Open letter to the Editors of Scientific and Medical Journals Worldwide
Author: John Dunn, MD
Article Published: 31/10/2008
The 2003 furor created by the British Medical Journal research by Enstrom and Kabat on second hand smoke (Enstrom J. Kabat G. Environmental tobacco smoke and tobacco related mortality in a prospective study of Californians, 1960-1998. BMJ 2003; 326; 1057-1061) continues.
Judge Kessler’s order and opinion of more than 1600 pages included the following:
The tobacco companies were liable, but not under RICO (Racketeer Influenced and Corrupt Organizations Act (18 US Code Sec. 1961) for asserting that health effects from secondhand smoke were not proven, and that low tar and nicotine cigarettes have lesser toxic health effects. The Judge adopted all the opinions and testimony of the government scientific witnesses.

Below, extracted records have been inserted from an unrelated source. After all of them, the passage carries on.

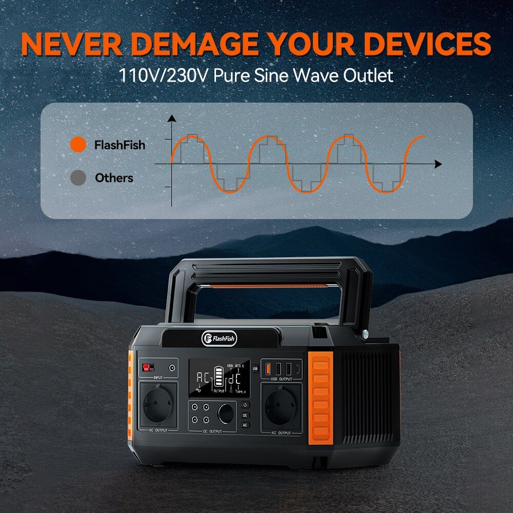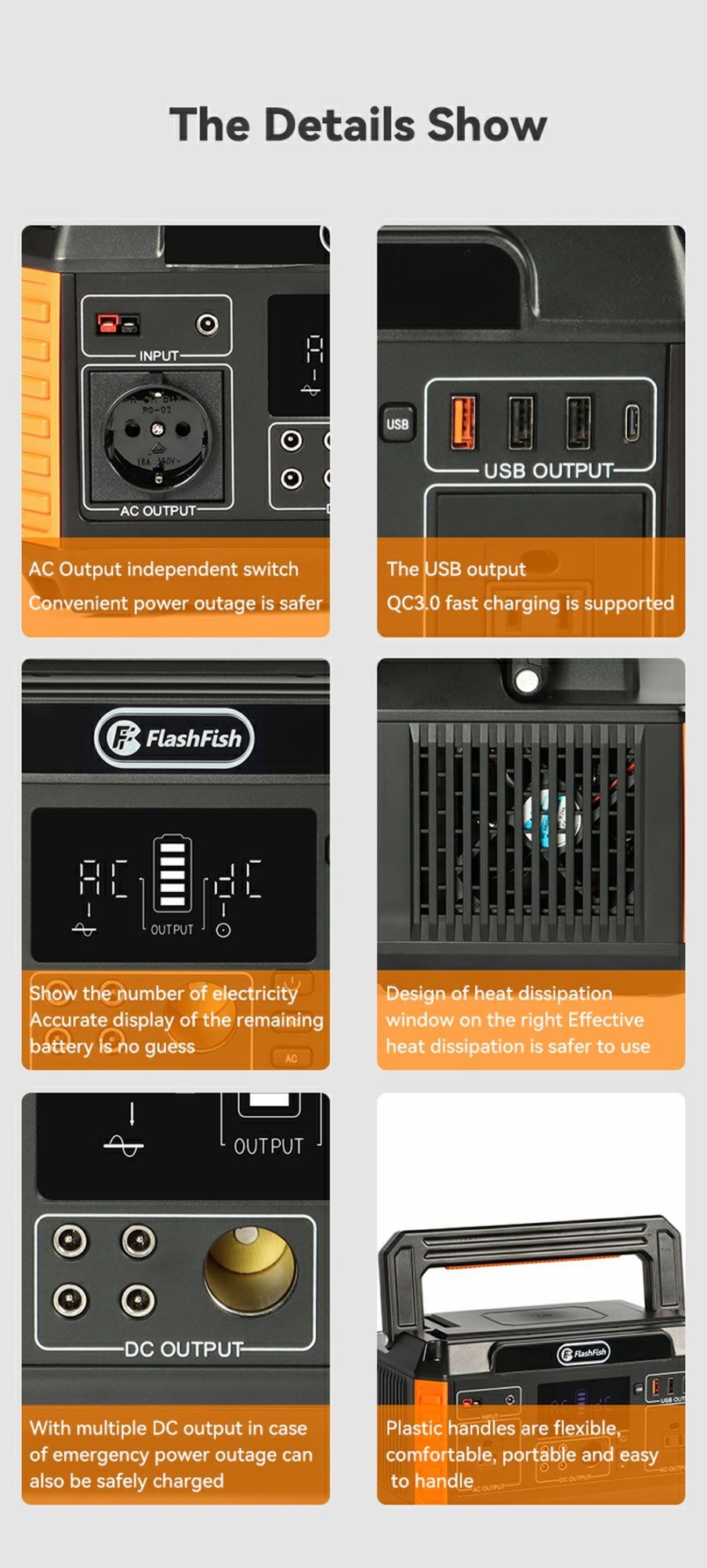 Електростанція Flashfish P60 розроблена для використання в якості основного або резервного джерела живлення та забезпечить електроенергію в надзвичайних ситуаціях та екстремальних ситуаціях, коли джерело живлення не доступне.
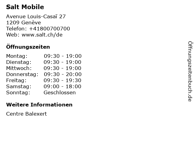 | Öffnungszeiten Salt Mobile in Genève anzeigen | |
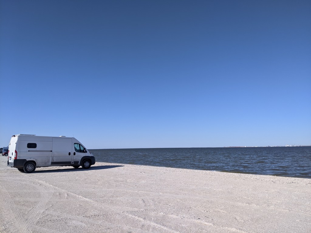 I’m currently in a hotel room, waiting out the winter storm that has closed portions of I-40 along northern Arizona. After driving a few hours through white-out conditions, fretting over my own mortality, I’m enjoying my version of heaven: shitty cable TV, a vending machine dinner, and a six-pack of domestic beer that I picked up at a truck stop. I’m going further west as soon as this blows through. See, I thought about heading Florida-ward, but I missed big landscapes and free BLM camping and the precipitation-free climate and the van-dwelling desert people and the possibility of being abducted by aliens. So I turned around, thinking I’d head back west along the northern route, through Albuquerque and Flagstaff – not realizing that these places experience actual winter, and actual weather, and that my seat-of-my-pants strategy of just driving somewhere without checking the forecast first was going to be a real hindrance.

RICO penalties claimed in the lawsuit were $280 billion dollars and included criminal penalties of 20 years in prison and forfeiture of all ill-gotten gains and interest but apparently the DOJ overreached and no RICO penalties were imposed.
No further research is allowed on the position of the tobacco companies that secondhand smoke was not a toxin.
Forbidden are descriptors such as ‘low tar,’ ‘light,’ ‘ultra light,’ ‘mild,’ ‘natural,’ for any tobacco ads or any use of those words “that could be expected to result in a consumer believing that smoking the cigarette brand using that descriptor may result in a lower risk of disease. . . ”
Tobacco companies will pay to publicize her orders and her version of public health education widely in newspapers and on the web.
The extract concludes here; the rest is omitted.